Before I've even fully recovered from BPPV, I was attacked by a hacking cough that has been keeping me awake for the past 3 nights. The condition is exacerbated by a stuffy nose which now makes it impossible for me to taste my food. Not that I have much of an appetite anyway, the cough makes me feel like throwing up half the time.

After a trip to the office to clear some urgent work, I went home and crashed on my bed. Never felt so tired, awful and sickly! Dear P cooked some yummy porridge the night before - check it out.

On a sidenote, ever wondered why the expression "sick as a dog" is used? Why not sick as a rabbit or sick as a zebra? Apparently, dogs had negative connotations attached to them in the past...

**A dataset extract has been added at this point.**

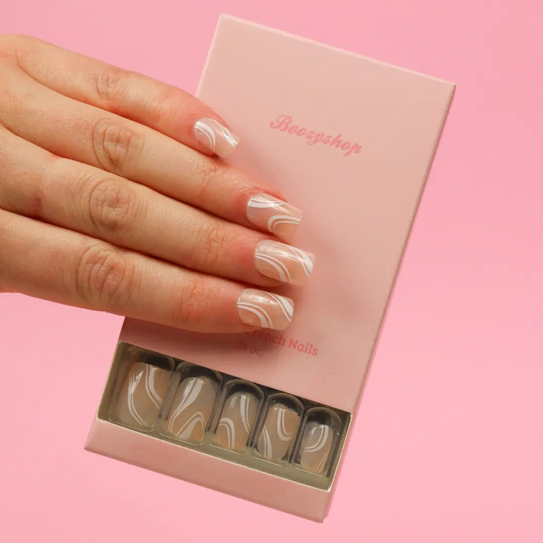 De Boozyshop Press On French Nails Waves zijn de perfecte oplossing voor prachtige nagels in een handomdraai. Deze kunstnagels zijn niet alleen stijlvol, maar ook nog eens voorzien van een subtiel wave design dat je nagels een elegante en verzorgde look geeft. Trakteer jezelf op een snelle manicure met deze set press on nails, bestaande uit 24 stuks in 12 verschillende maten. Elke nagel is genummerd van 0 tot 11, wat het makkelijker maakt de meest geschikte maat te kiezen. Daarnaast bevat deze set ook nagellijm en een prep pad om je nagels optimaal voor te bereiden op een langdurige hechting.

There are several expressions of the form sick as a ..., that date from the eighteenth and nineteenth centuries. Sick as a dog is actually the oldest of them, recorded from 1705; it is probably no more than an attempt to give force to a strongly worded statement of physical unhappiness. It was attached to a dog, I would guess, because dogs often seem to have been linked to things considered unpleasant or undesirable; down the years they have had an incredibly bad press, linguistically speaking (think of dog tired, dog in the manger, dog’s breakfast, go to the dogs, dog Latin — big dictionaries have long entries about all the ways that dog has been used in a negative sense).

At various times cats, rats and horses have been also dragged in to the expression, though an odd thing is that horses can’t vomit; one nineteenth-century writer did suggest that this version was used “when a person is exceedingly sick without vomiting”. The strangest member of the set was used by Jonathan Swift in 1731: “Poor Miss, she’s sick as a Cushion, she wants nothing but stuffing” (stop laughing at the back).

The modern sick as a parrot recorded from the 1970s — at one time much overused by British sportsmen as the opposite of over the moon — refers to a state of deep mental depression rather than physical illness; this perhaps comes from instances of parrots contracting psittacosis and passing it to their human owners.